Fashion of the 1980s was characterized by broad shoulders, big hair, skinny jeans, and bold colors. Celebrities like Madonna reinforced this stereotype.

In the 1980s, women wore whatever they wanted, including short skirts and high heels. Women would also color their hair in shocking colors like pink, blue, and green to look fashionable. 

Back then, women’s clothing was about showing as much skin as possible.

6. 1990s Beauty Standards

The 1990s saw a shift in physical appeal. The pursuit of perfection as an end was replaced by a greater emphasis on uniqueness and assurance in one’s abilities.

Tattoos, piercings, and stacks of earrings all debuted during this time among fashionable females. It was also the first time that balding women were considered fashionable. 

Models like Kate Moss, who is very skinny, popularized the “waif” aesthetic. The 1990s saw a shift toward women dressing more masculinely. They dressed like guys and wore suits with ties.

7. 2000s Beauty Standards

The new millennium is fascinating because it combines the two depictions from the previous decade. Women’s attention shifted from appearances to how they might express themselves via their bodies.

As the influence of celebrities grew in the 2000s, so did the number of people opting for plastic surgery to mimic their appearance. 

When the term “monsters refers” was first coined, it referred to female celebrities who had achieved fame and fortune in both the sexual and economic spheres.

8. Present Day

However, what about modern beauty norms? Standards of what constitutes attractiveness in modern women are fluid. 
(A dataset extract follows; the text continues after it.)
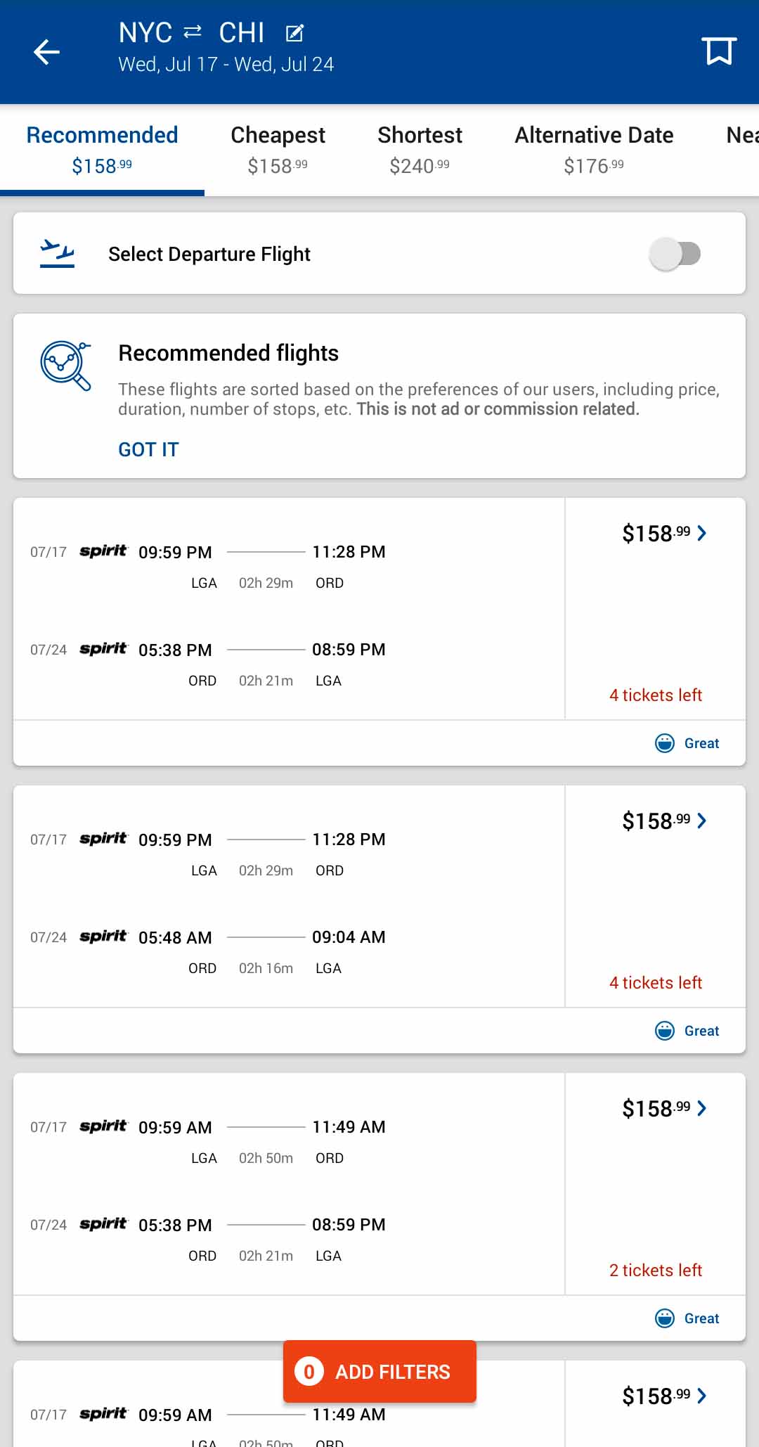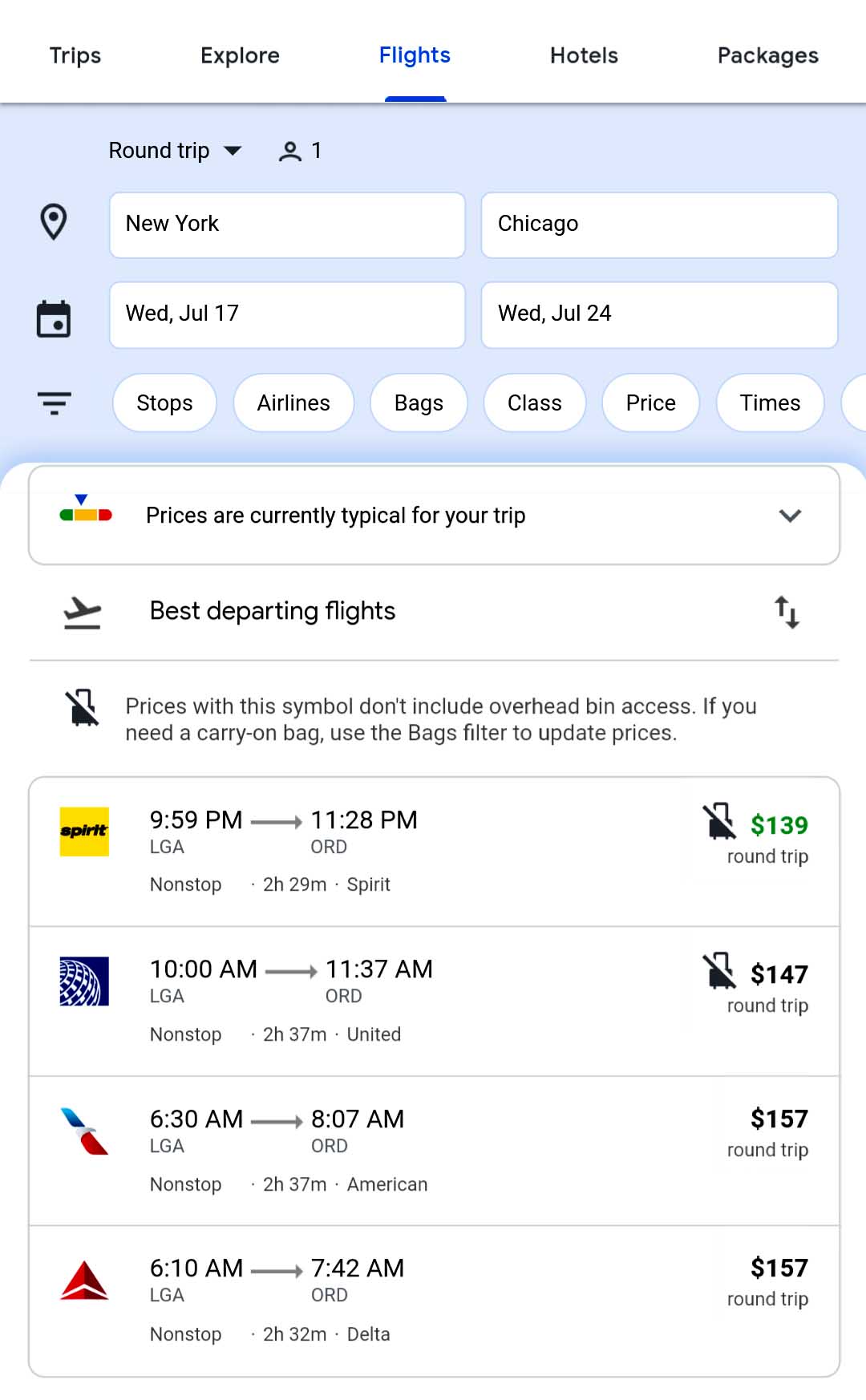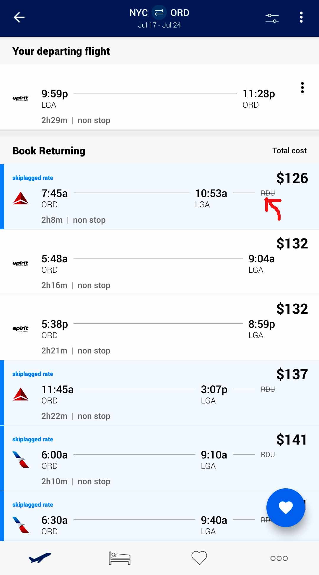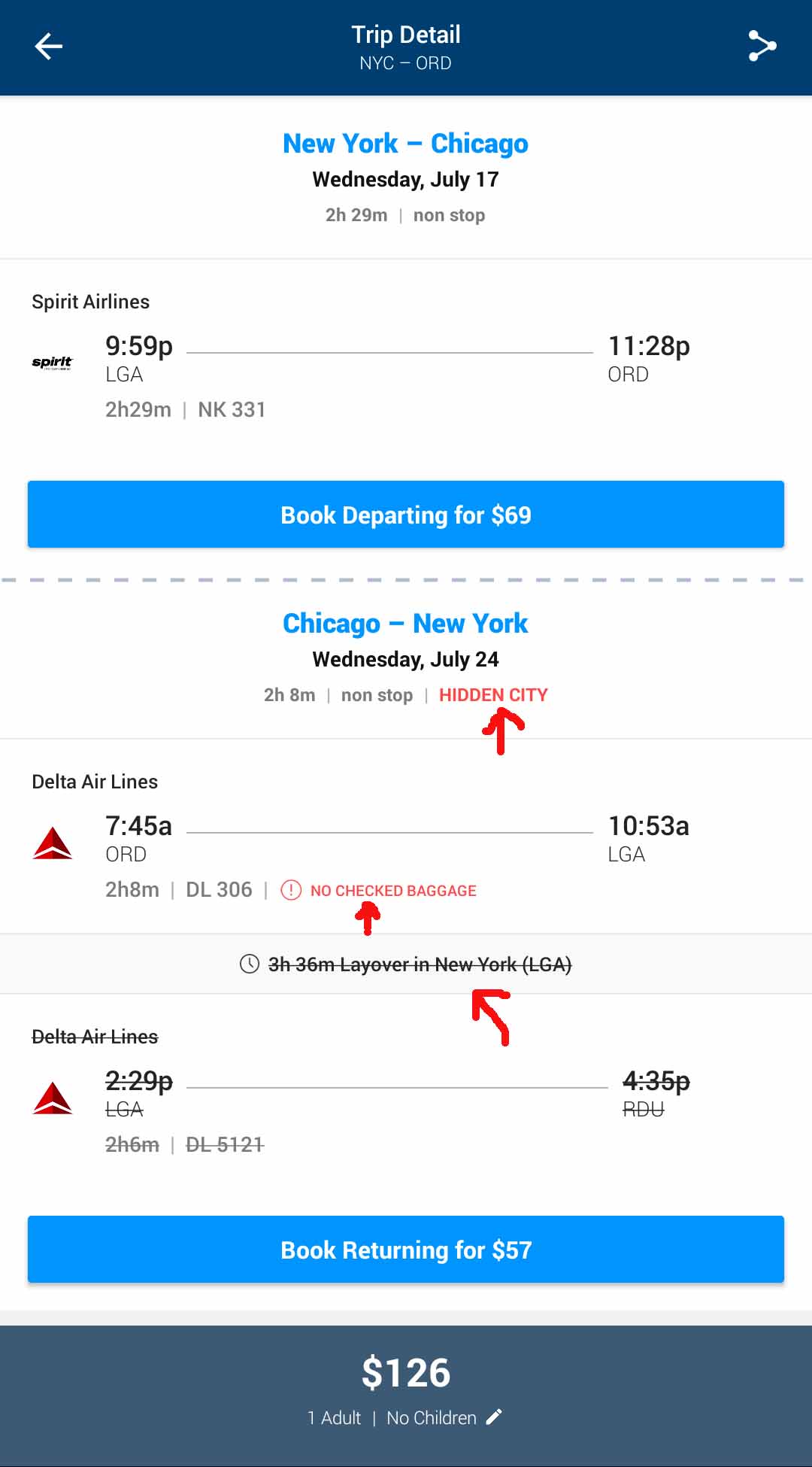 So, let’s look at the bottom price of Spirit Airlines. On the Skiplagged app the price of the Spirit Airlines NYC to Chicago flight is $126, but If you want to have a carry-on they want to charge you $55! ($52 for a checked bag. Why is it more expensive to have a carry-on bag?!) That price is insane! But if you booked with Delta it’s $130 with the price of the carry-on included. So, be careful with these discount airlines. Make sure to read all of their luggage requirements. Or just avoid discount airlines altogether.

Inspired by pop stars like Rihanna and Angelina Jolie, modern women are free to wear anything they choose, experiment with wild hair colors, and cover themselves with tattoos.  Because there is no “ideal” body type, women today are more confident.

Women do not feel pressured to comply with beauty standards. Today’s media may not focus as much on women’s appearance as it used to, but celebrities still impose unrealistic beauty standards. 
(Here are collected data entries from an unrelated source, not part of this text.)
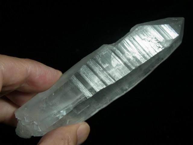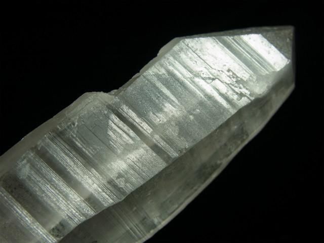 結晶の縦方向の成長スピードが速すぎて柱面の成長が追い付かず、柱面と錐面が交互に成長を繰り返してきたもので、柱面と錐面の角度の違いで光が反射して確認しやすくなります。
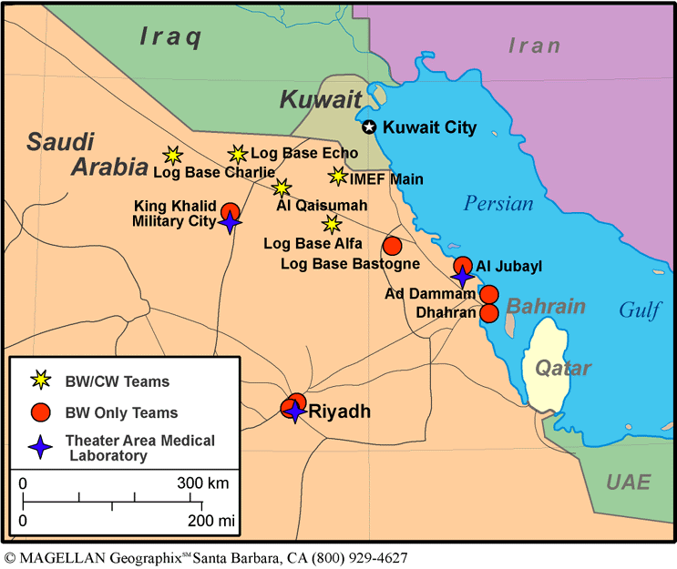Figure 3. Location of sampling teams and theater area medical laboratories
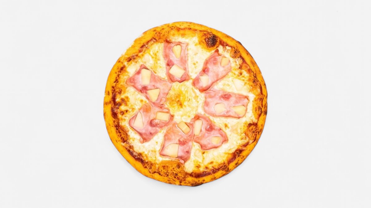 paradajkový alebo smotanovo-syrový základ,1/2 mozzarella, 1/2 eidam, šunka, ananás 450 g / obsahuje: 1, 7
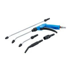 - Der Druckluft-Ausblaspistolensatz bietet mit 5 verschiedenen Düsenaufsätzen viele Anwendungsmöglichkeiten.
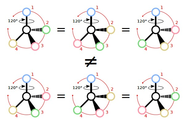 Another approach involves capturing relevant information through local chiral descriptors, indicated by CW/CCW labels as shown in Figure 1, commonly used in SMILES representation. Chiral centers are assigned odd/even labels (CW or CCW) based on the order of neighboring atoms relative to their spatial orientation (as provided in the given SMILES string), assigning them to one of 12 equivalent arrangements of local chirality groups. The authors' model combines this local parity bit with an ordered set of neighbors, as opposed to using the parity bit directly as an atomic feature, in order to preserve physically meaningful invariance and avoid sensitivity to arbitrary notations and SMILES normalization conventions.
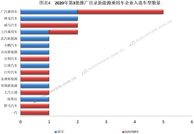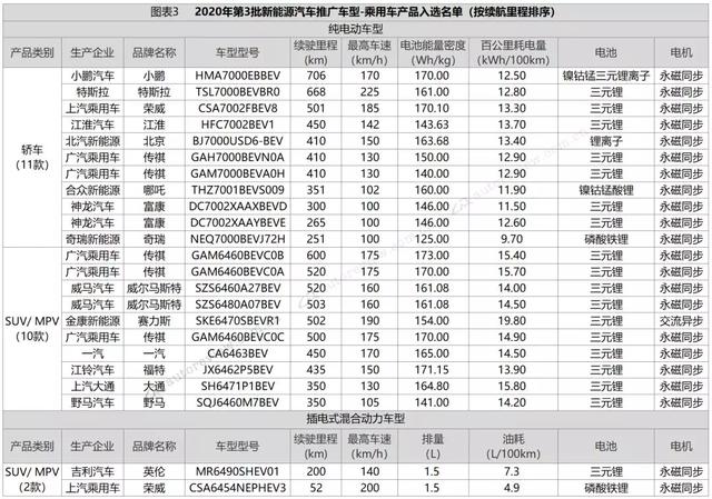 从电池规范来望,搭载磷酸铁锂电池车型有34款,占新动力汽车总质的比例跨越五成,次要运用于商用车发域;搭载三元锂电池的车型占比三成多,并多用于乘用车发域;搭载镍钴锰酸锂电池车型占比有余一成;搭载锂离子以及钛酸锂电池的车型各1款。 乘用车 23款车型进选,轿车数目降低较着,小鹏P7少续航版现身 正在2020年第3批推行目次外,乘用车共16野企业的23款车型,取2020年第2批数目相比削减了近48%,那次要是轿车进选车型降低而至。此中,包含15野企业的21款杂电动车型以及2野企业的2款插电式夹杂能源车型。 分车型种别来望,正在杂电动车型外,轿车占11款,SUV/MPV占10款。此中,广汽乘用车以及神龙汽车均以2款数目并列轿车车型尾位,其他7野车企进选轿车车型均为1款;广汽乘用车以3款数目位列SUV/MPV车型榜尾,威马汽车以2款进选车型排名第两,其他5野车企各1款杂电动多用途乘用车进选。正在2款插电式夹杂能源车型外,全数为多用途乘用车,划分来自吉祥汽车以及上汽乘用车。 分企业环境来望,原批目次外出有进选车型为二位数的车企,此中广汽乘用车以5款进选车型排正在新动力乘用车数目榜尾,包含2款杂电动轿车以及3款杂电动多用途乘用车;神龙、威马以及上汽乘用车均以2款车型并列第两,此中神龙全数为杂电动轿车,威马齐为杂电动多用途乘用车,上汽乘用车的杂电动轿车以及插电式夹杂能源多用途乘用车各1款;残剩12野车企进选车型各1款。别的,23款入进榜双的乘用车,除了来自特斯推的1款杂电动轿车为中资独资品牌中,其他均为自立品牌。制车新权势圆里,除了威马汽车的2款威我马斯特牌杂电动多用途乘用车以外,另有金康新动力的1款赛力斯牌杂电动多用途乘用车、和哪吒以及小鹏各1款杂电动轿车进选原批目次。 从能源体系来望,原批进选的23款乘用车,除了金康新动力的1款杂电动多用途乘用车搭载交流同步机电中,其他均配套永磁异步机电;别的,原批目次外搭载三元锂电池的车型占新动力乘用车总质的比例近八成,此中包含17款杂电动车型以及1款插电式夹杂能源车型;搭载磷酸铁锂电池的车型有2款,包含来自偶瑞新动力的1款杂电动轿车以及来自上汽乘用车的1款插电式夹杂能源多用途乘用车;搭载镍钴锰酸锂以及锂离子电池的车型各1款杂电动轿车,划分来自南汽新动力及折寡新动力。异时,原批杂电动乘用车的百千米耗电质年夜多节制正在11-17kWh摆布。 凭据2019年补助新政,杂电动乘用车工况法续驶面程(R)没有低于250km,250≤R<400补助1.8万元,R≥400补助2.5万元。而合适2019年国度补助的产物技能要供的21款杂电动车型外,续驶面程250≤R<400千米的车型共6款,其他15款车型续航面程均年夜于400千米。此中,小鹏P7型号为HMA7000EBBEV的1款杂电动轿车工况法续航威力下达706千米,为当前海内NEDC续航面程最少的电动车。经由过程阐发否睹,上述21款杂电动乘用车全数入进了补助范畴内,否得到1.8-2.5万元额度没有等的补助。 凭据2019杂电动乘用车能源电池体系的量质能质稀度没有低于125Wh/kg,125(露)-140Wh/kg的车型按0.8倍补助,140(露)-160Wh/kg的车型按0.9倍补助,160Wh/kg及以上的车型按1倍补助。从电池体系能质稀度双项指标来望,原次目次外有1款车型得到0.8倍补助,7款车型得到0.9倍补助,13款车型得到1倍补助。(睹图表三、4)

Although it’s encouraging that the media doesn’t closely monitor women’s bodies, society still pressures women to fit a beauty standard.


Don’t let shifting beauty standards make you feel you must continuously reinvent yourself. Self-esteem matters most.  

Learning to love oneself is an ongoing process; there is no magic bullet for breaking away from the norms of society. 

Therefore, learn self-care fundamentals and concentrate on giving your body what it needs to function properly (beyond superficial appearances). 

Take pleasure in the journey toward a rich and rewarding existence in which your body provides the means to learn about and experience the world.